小说: 2025-08-24 22:52 5hhhhh 3040 ℃

幽暗的灯光下,一根硕大的肉棒被紧紧地粘在桌上,只留出涨得发紫的龟头暴露在外。我看着自己的阳具遭到如此酷刑,可又无可奈何。双手被反绑吊在天花板上,吊得很高,不得不踮起脚尖才能勉强舒缓手肘的扭曲程度。

站在我面前的人便是我的主人,我不知道他叫什么。甚至没有见过他的样貌,每次调教折磨我的时候他都会带上一副面具,有点类似日本天狗的造型,可是又不太像。我不敢细看,主人不让贱奴直视他的上半身。哪怕偷瞄一眼也会遭到水刑禁闭。

那是非人的折磨,我第一次受到水刑也是我第一次见到主人的时候。

我并不是很瘦,只是身上没有肌肉。一开始去健身房锻炼,可是每当我脱下衣服露出膀子总会遭到众人的嘲笑,只怪我生得太白。

不少女生都会嫉妒我的皮肤,说我投错了胎。自卑的我不希望成为众人关注的焦点,对于别人来说玩笑的话,自卑的人其实非常在意。所以我独自一人深夜去公园跑步锻炼,就在那里,我遇到了人。

那一天已经很晚了,本来不想去。可是一想到人鱼线公狗腰的诱惑,我便打起精神穿上跑鞋。跑了没多久,我突然发现旁边小路灯下站着一个人,穿着很长的风衣,看不清模样。

出于对黑夜的恐惧,我吓得愣住在那里,毕竟已经凌晨,除了巡逻员可就再也见不到人。

黑衣人似乎发现了我,转身朝我走来,等我回过神来看清楚,原来是一个帅气的男人,而且是一个披着风衣光着身子,内里只穿一条皮质三角内裤的男人,如果不是他乳头上挂了两盏铃铛,也许我还无法看得这么清楚。
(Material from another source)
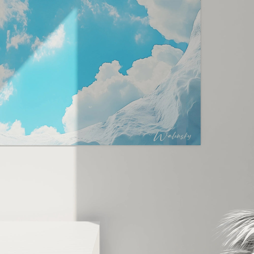 Ce tableau nuage présente une perspective saisissante depuis l'intérieur d'une formation glacée vers un ciel azur parsemé de nuages blancs. L'œuvre révèle immédiatement une ouverture circulaire parfaitement découpée, créant un effet de fenêtre naturelle vers l'infini céleste. Le tableau nuage trompe l'œil joue magistralement avec la perception de profondeur et d'espace. Les formations blanches qui encadrent l'ouverture évoquent des parois de glace sculptées par le temps, créant un contraste saisissant avec la douceur du ciel visible. Cette décoration murale nuage transforme instantanément l'espace en fenêtre vers l'évasion, offrant une échappée visuelle remarquable qui attire immédiatement le regard vers son centre lumineux.

他没有什么表情,只是望着前方,当时我以为他在看着我,后来才发现错了。

*** *** *** ***

正当我回想往事,一股白蜡浇在我的龟头上,疼得我大叫一声。主人举着蜡烛,反手扇了我两耳光。随后拿着蜡烛底座狠狠地压着我的龟头。另一只手抚摸我被剃得干干净净的肉棒根部,凑过头来嗅闻我的秀发。

自从我被关到这里,主人便给我注射雌性激素,把我当做女人打扮。何况我本来长得就像个女人,有时看着镜子里的我,都看不出来男人的迹象,就连乳房都有点微微凸起。除了底下的那根JB。

我发出几声娇喘,那根巨大的振动棒几乎抵着我的前列腺。

「你要射了么?」主人问我。

那个时候,主人也是这样问我的。我发现我自己衣服被扒得精光,被紧紧地绑在公园的休息椅上,双脚举过头顶,脚踝勒在后面的灯柱上,露出整个屁股。

那个黑衣男人正在吮吸我的肉棒,我才缓过神来,自己似乎被什么东西电晕了,背部依然一阵酸麻。

这时听到身后传来低沉的声音:「你要射了么?」

我的确要射了,我想喊救命,嘴巴却被什么东西堵得严严实实。环顾四周除了黑衣男就是黑夜,那个偷袭我的人站在我的身后,似乎是在欣赏这幅场景。

黑衣男一边舔着我的肉棒,一边玩弄我的PI‘YAN,时不时地亲亲肛门旁边的嫩肉。如果不是被绑住,那种感觉也是要升天。身后的人同样起了兴致,掏出肉棒朝我袭来。我看不到但是能够感觉到,那根散发邪恶腥臭的肉棒就在我的耳边。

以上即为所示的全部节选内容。